--- Exercise requirements ---
Under this line are records; the part from the line containing "Wilhelm Thelen (Oberhausen" through the line containing "유후인 1등도착 오픈런가능!! 1명부터 무조건 출발확정!!" should be repeated exactly. Please exclude pictures.

--- Source information ---
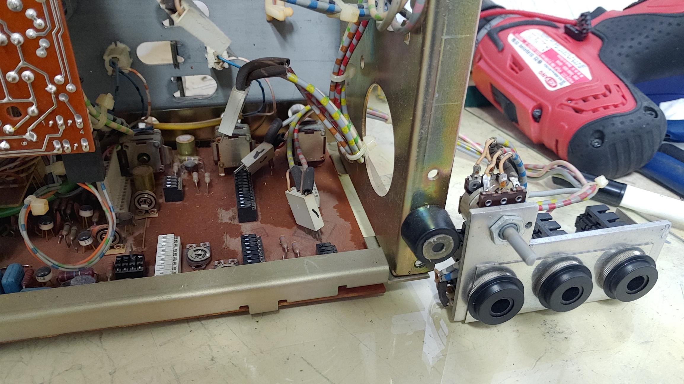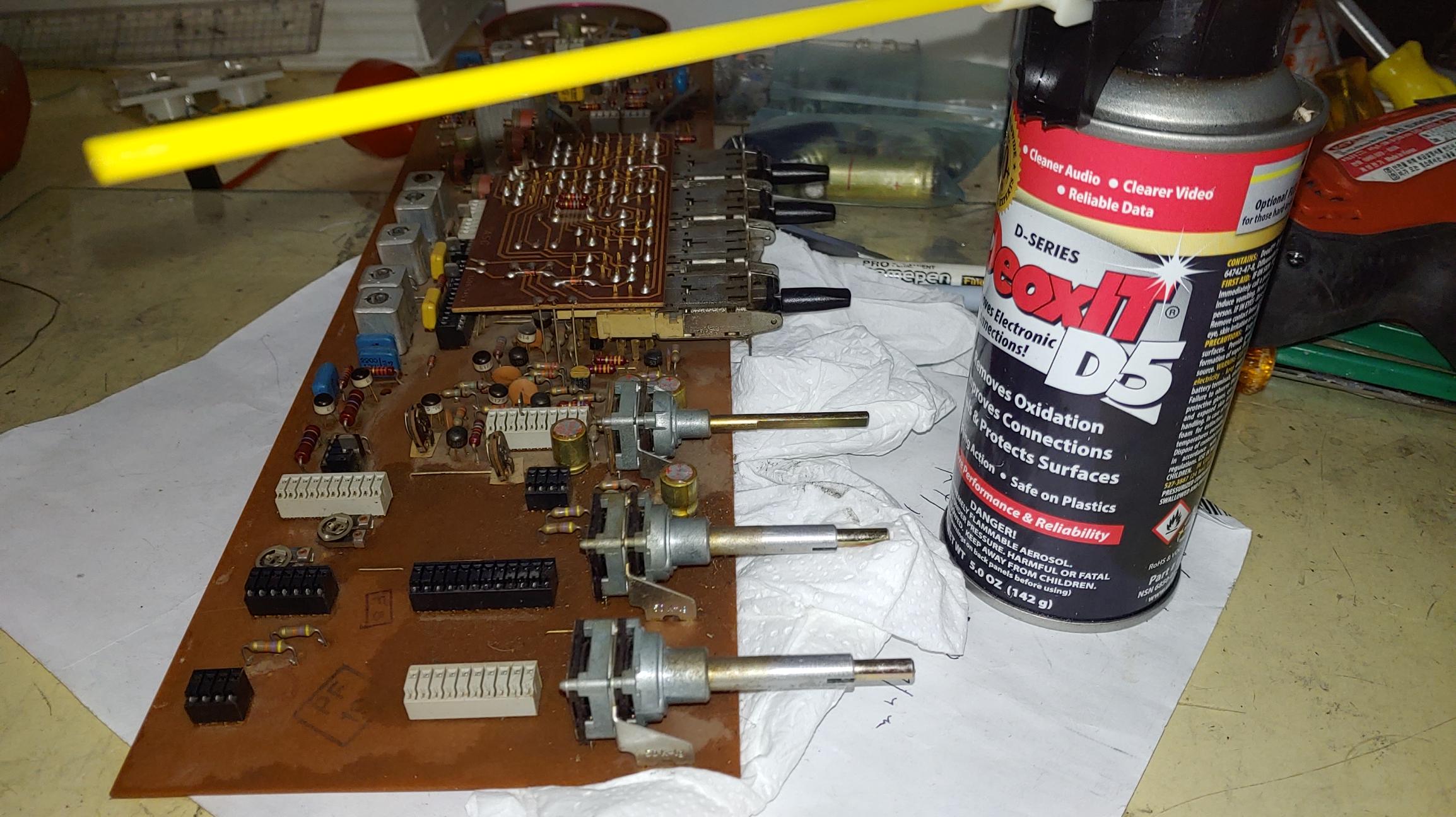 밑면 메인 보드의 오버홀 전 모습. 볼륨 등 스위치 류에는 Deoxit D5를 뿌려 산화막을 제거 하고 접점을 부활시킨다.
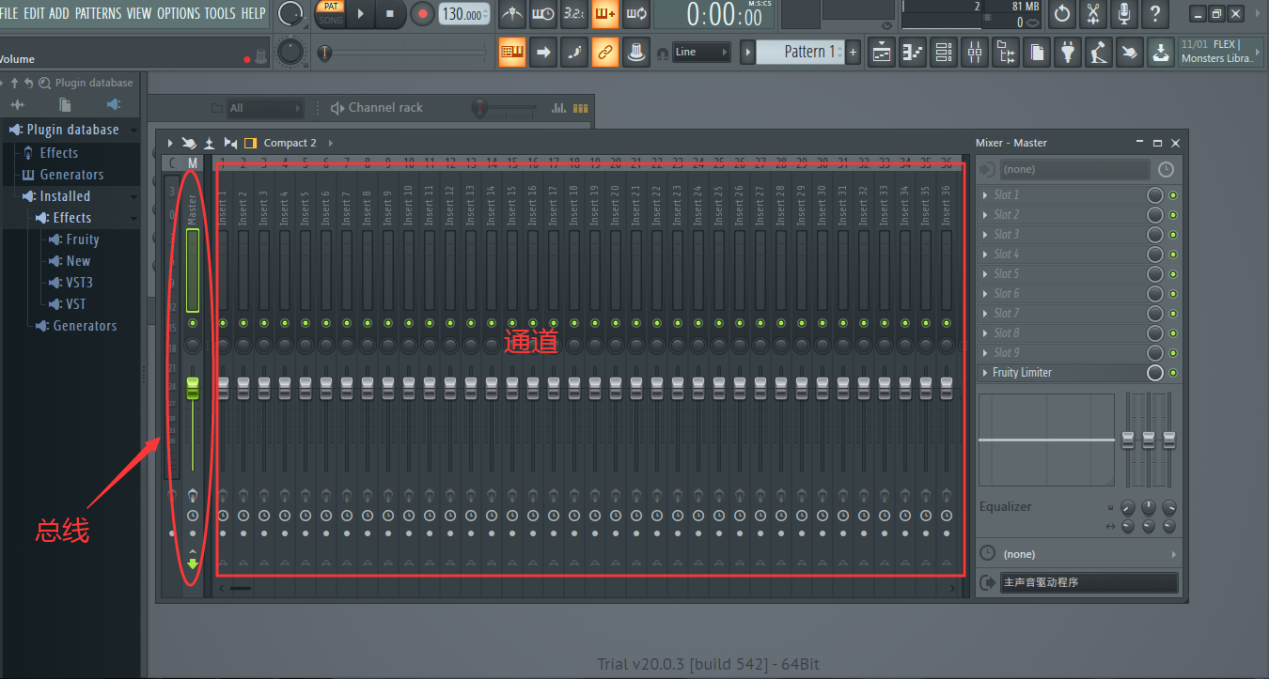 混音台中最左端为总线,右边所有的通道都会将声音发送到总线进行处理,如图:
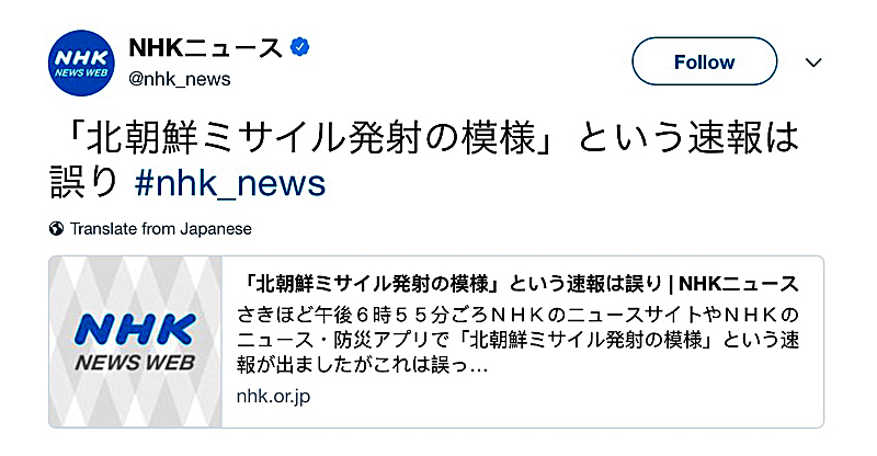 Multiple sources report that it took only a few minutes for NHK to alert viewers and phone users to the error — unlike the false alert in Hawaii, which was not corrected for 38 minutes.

* * *

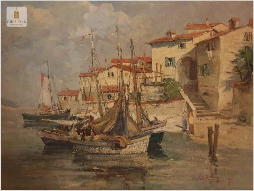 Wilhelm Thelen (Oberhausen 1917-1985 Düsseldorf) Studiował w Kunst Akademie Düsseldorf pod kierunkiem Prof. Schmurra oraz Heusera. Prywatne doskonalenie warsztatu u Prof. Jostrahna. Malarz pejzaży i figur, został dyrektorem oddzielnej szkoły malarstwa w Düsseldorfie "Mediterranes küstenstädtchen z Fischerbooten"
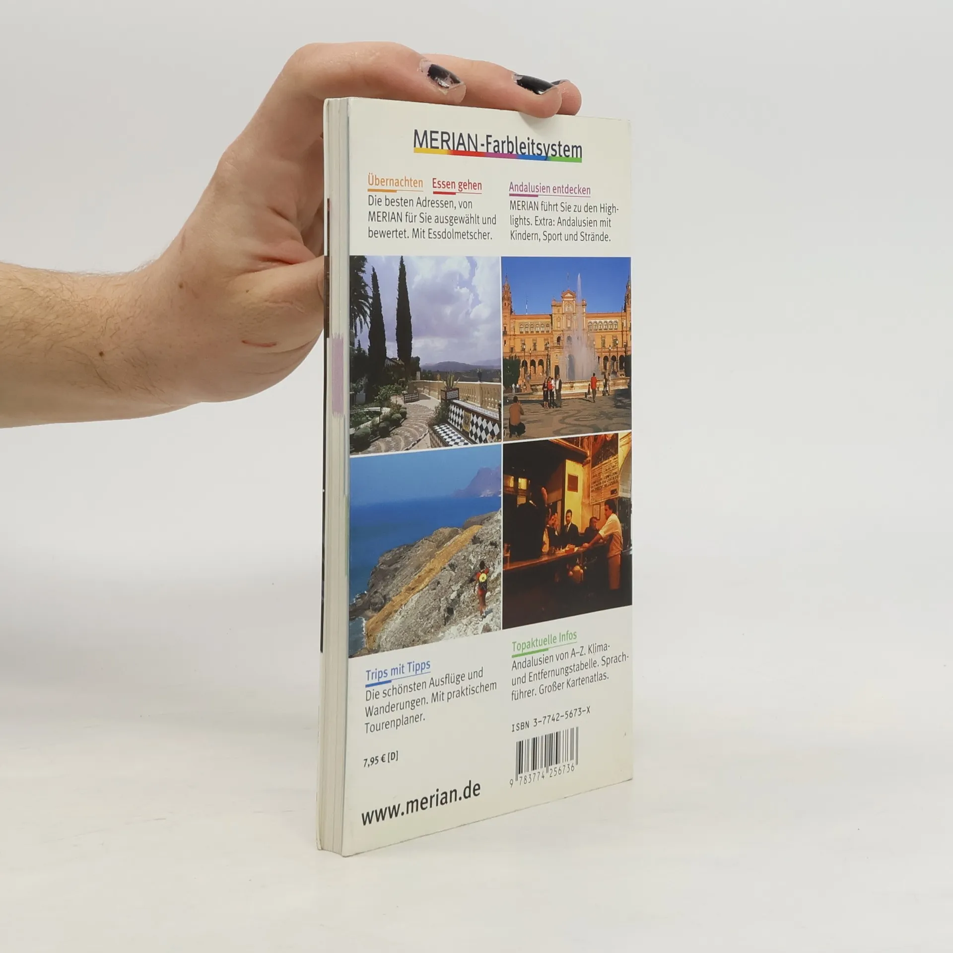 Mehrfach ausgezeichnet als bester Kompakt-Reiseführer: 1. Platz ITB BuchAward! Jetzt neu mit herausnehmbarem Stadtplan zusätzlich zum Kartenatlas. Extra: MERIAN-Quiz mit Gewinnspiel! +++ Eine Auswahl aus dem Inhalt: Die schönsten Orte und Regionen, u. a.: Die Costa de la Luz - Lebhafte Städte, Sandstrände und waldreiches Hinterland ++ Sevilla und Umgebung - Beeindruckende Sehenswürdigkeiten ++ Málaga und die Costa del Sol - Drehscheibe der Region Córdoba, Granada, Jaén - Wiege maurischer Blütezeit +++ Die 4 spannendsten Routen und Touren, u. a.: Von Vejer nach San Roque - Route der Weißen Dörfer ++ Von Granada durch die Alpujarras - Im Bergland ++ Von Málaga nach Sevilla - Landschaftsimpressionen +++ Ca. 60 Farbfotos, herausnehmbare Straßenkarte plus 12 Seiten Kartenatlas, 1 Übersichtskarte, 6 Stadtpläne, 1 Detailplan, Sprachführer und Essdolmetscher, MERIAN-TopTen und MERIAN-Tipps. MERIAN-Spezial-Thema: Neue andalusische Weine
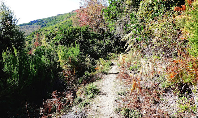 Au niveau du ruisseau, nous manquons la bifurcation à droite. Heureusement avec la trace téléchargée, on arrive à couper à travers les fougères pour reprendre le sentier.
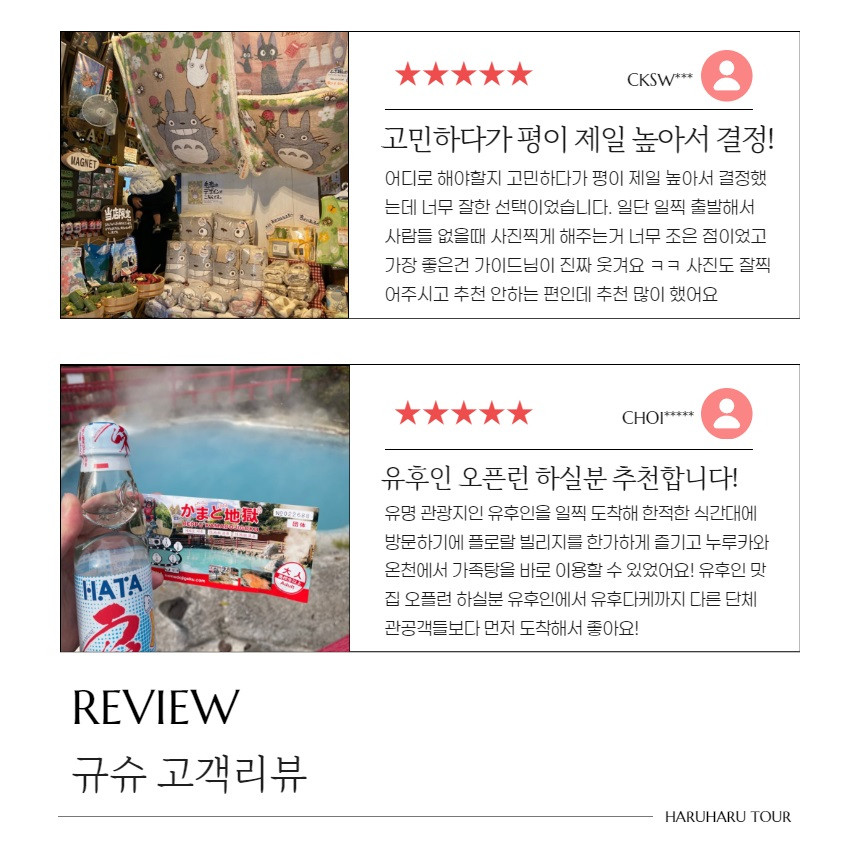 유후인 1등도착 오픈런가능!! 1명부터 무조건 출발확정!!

--- Solution to this task ---
 Wilhelm Thelen (Oberhausen 1917-1985 Düsseldorf) Studiował w Kunst Akademie Düsseldorf pod kierunkiem Prof. Schmurra oraz Heusera. Prywatne doskonalenie warsztatu u Prof. Jostrahna. Malarz pejzaży i figur, został dyrektorem oddzielnej szkoły malarstwa w Düsseldorfie "Mediterranes küstenstädtchen z Fischerbooten"
 Mehrfach ausgezeichnet als bester Kompakt-Reiseführer: 1. Platz ITB BuchAward! Jetzt neu mit herausnehmbarem Stadtplan zusätzlich zum Kartenatlas. Extra: MERIAN-Quiz mit Gewinnspiel! +++ Eine Auswahl aus dem Inhalt: Die schönsten Orte und Regionen, u. a.: Die Costa de la Luz - Lebhafte Städte, Sandstrände und waldreiches Hinterland ++ Sevilla und Umgebung - Beeindruckende Sehenswürdigkeiten ++ Málaga und die Costa del Sol - Drehscheibe der Region Córdoba, Granada, Jaén - Wiege maurischer Blütezeit +++ Die 4 spannendsten Routen und Touren, u. a.: Von Vejer nach San Roque - Route der Weißen Dörfer ++ Von Granada durch die Alpujarras - Im Bergland ++ Von Málaga nach Sevilla - Landschaftsimpressionen +++ Ca. 60 Farbfotos, herausnehmbare Straßenkarte plus 12 Seiten Kartenatlas, 1 Übersichtskarte, 6 Stadtpläne, 1 Detailplan, Sprachführer und Essdolmetscher, MERIAN-TopTen und MERIAN-Tipps. MERIAN-Spezial-Thema: Neue andalusische Weine
 Au niveau du ruisseau, nous manquons la bifurcation à droite. Heureusement avec la trace téléchargée, on arrive à couper à travers les fougères pour reprendre le sentier.
 유후인 1등도착 오픈런가능!! 1명부터 무조건 출발확정!!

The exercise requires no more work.